All things considered, I was doing pretty well with my exploration of the lesser known Budapest project, resisting the easy temptations of Városliget and Margitsziget whenever the sun is shining. Actually, I do go to Margitsziget pretty much all the time, but no matter how I look at it, running with a DSLR is still quite cumbersome- though you do curse yourself when you miss splendid fogs and sunrises, but perhaps it doesn’t make sense to force things which were not meant to happen.

But then, as I was walking by Gellért Hill one of these days, I saw IT. IT is some sort of a cherry tree (I should probably not venture into precise tree identification any time soon, given my recent debacle), perched on one of the hill’s promontories in such a way as to be the perfect accessory for shots containing the river, Freedom Bridge and/or the sunrise, for those insane enough to show up at ungodly hours. The recent time adjustment does help a little bit, but this is probably the only positive side of it, though truly nothing could console me on Monday morning when my inner clock was cursing like mad in total confusion as to why I should be awake in what seemed to be still the dead of night but was actually almost 7 AM.

Now the thing with this likely-cherry is that you’re not the only one seeing it. Everyone does, locals and tourists alike, and they conclude that the one thing which could make the already perfect composition even perfecter is their humble self. So for every shot you take you have to suffer through a small army of people leaning against the poor tree, sporting insipid grins and trying to make their hair look good in spite of the spring breeze/hurricane.

Once you’re done and trod upwards on the hill you start coming to terms with the fact that you have taken almost identical shots for the past five or so years, with the only thing changing being the identity of the intermittent grinners, who are hopefully off frame anyway. This being said, no matter how many times you’ve visited it, and irrespective of the season, Gellért hill is ridiculously scenic, plus the hike is of the exact length which does not kill you, but makes you stronger (or so you hope).

Since we’re closing in on the end of March, the walk is often punctuated by martenitsi, a sure sign that Bulgarians have been around. Time for well researched scientific conclusions then: Bulgarians travel more these days, or more of them live in Budapest, or probably both, as each year I see more martenitsi tied to blossoming trees.

There is a parallel tradition of putting the martenitsi under stones too, and waiting to see what creature is closest to them the next day.

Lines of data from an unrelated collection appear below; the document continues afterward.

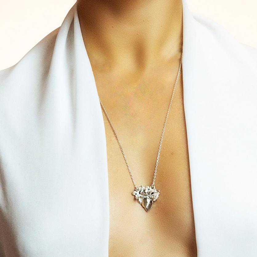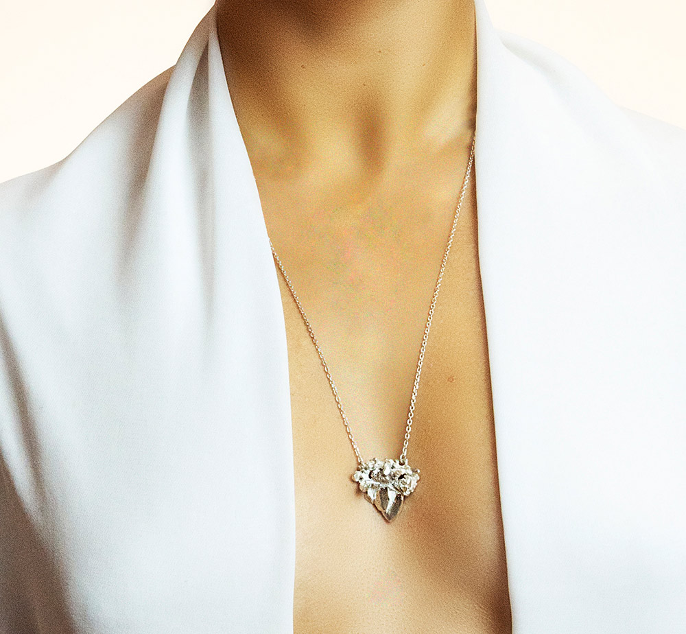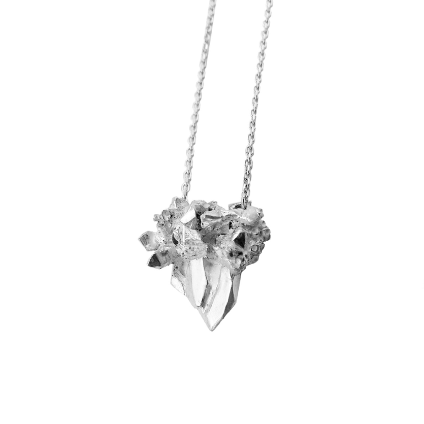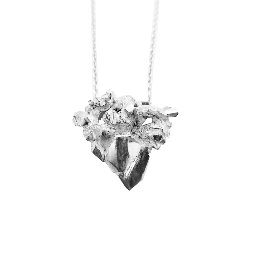 Anatomska oblika človeškega srca kristalizirana v čudovit srebrn obesek s strukturo kristalov kamene strele.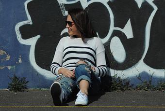 Para un día largo de tiendas, uno de esos días que estaba con las chicas buscando los regalitos para Nuri, necesitaba un look ultra cómodo, siempre intentando no perder el estilo. Creo que este look tiene mucho rollo por la mezcla de prendas sport, el jersey de punto y por la combinación de colores. Los pantalones boyfriend rotos en azul combinado con las rayas, creo que conjuntan a la perfección con las deportivas.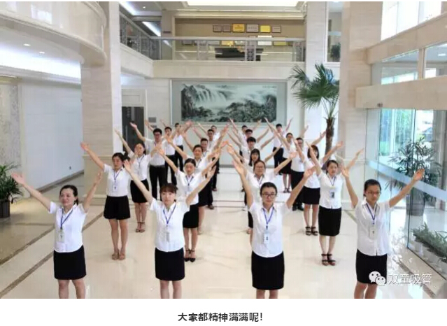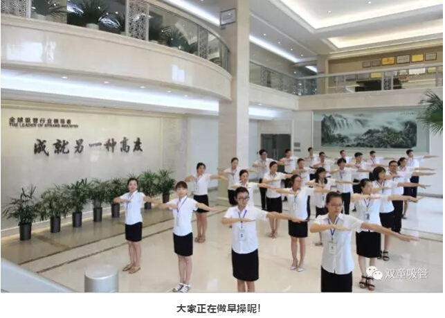 除了精神上要得到提升之外,我們的身體素質(zhì)也非常重要!每天,在晨讀環(huán)節(jié)結(jié)束之后,我們都會進(jìn)行早操活動。俗話說,“一年之際在于春,一天之際在于晨”。在“雙童”行政大廳,員工們列隊(duì)整齊,精神飽滿,氣宇軒昂,伴著豪邁的音樂,用整齊劃一的動作做起早操,形成了一道靚麗的風(fēng)景線。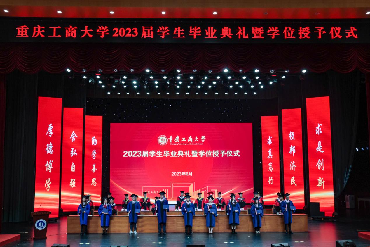 盛夏光年,骊歌悠远。2023届学生毕业典礼暨学位授予仪式于6月21日上午在365英国上市官网剧场隆重举行。本次毕业典礼采取“线上+线下”相结合的形式,现场典礼与网络直播同时进行。今年,共有6079名本科生、1161名研究生顺利获得了学士、硕士和博士学位,画上了在重工商大学业生涯的圆满句号。今天之后,他们将怀揣梦想,奔赴远方,开启人生的新征程。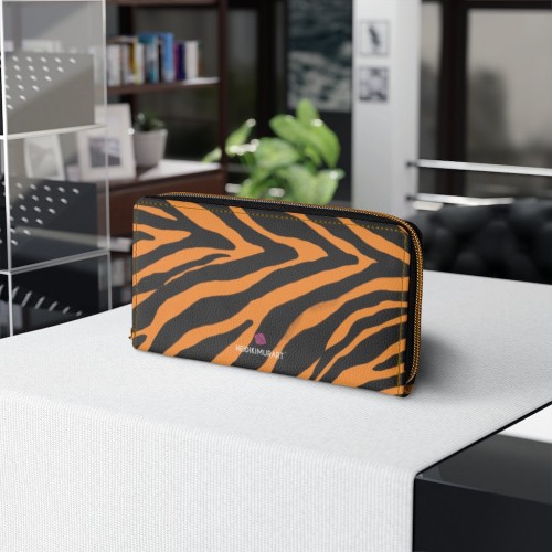 Orange Zebra Print Zipper Wallet, Best Zebra Striped Animal Print Gold Color Zipper Wallet For Women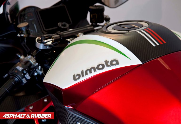 Bimota is finally ready to talk about horsepower figures from the supercharged four-cylinder engine, with 228hp (170 kW) claimed. That figured bumps up to 238hp (178 kW), when you take into account Kawasaki’s infamous “Ram Air” power figure measurements.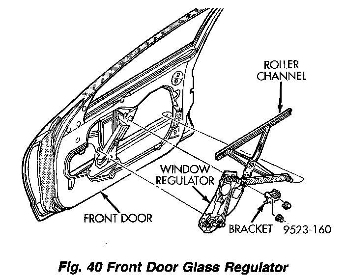 8. Slide regulator rearward and rotate forward end of roller channel through access hole in door panel.

There are various interpretations of what they mean, ants and larvae apparently bringing luck, while spiders spell misfortune. Should you leave your martenitsa under a rock on Gellért hill would probably result in a Japanese tourist being closest to it the next day, meaning you’ll turn into a selfie stick in the year to come.

It’s highly likely that martenitsi are so frequent on the hill simply because of those gloriously blossiming trees which punctuate the ascent, but the area is not foreign to folk magic of various kinds, as during the 17th century it was considered to be a favoured location for witch gatherings and dances. And that’s not the only interesting trivia- at various stages through its history, the hill was the home of a Celtic fort and a vineyard too.

Reaching the top can be some sort of an anticlimax- that’s if you’re not a first-time visitor who discovers the views. Otherwise, there’s too many people, and too many of them are instagramming themselves posing like the flame bearing figure to the left of the Statue of Liberty, a Budapest version of holding the Eiffel Tower on the palm of your hand or propping up the Leaning Tower of Pisa. Luckily the hill is vast enough to have many trails going in each direction, so with a bit of orienteering skill, or especially with a bit of lack thereof, you can find peaceful hideouts that are far from the madding crowd, yet close to the view. And perhaps to a probably cherry tree all of your own.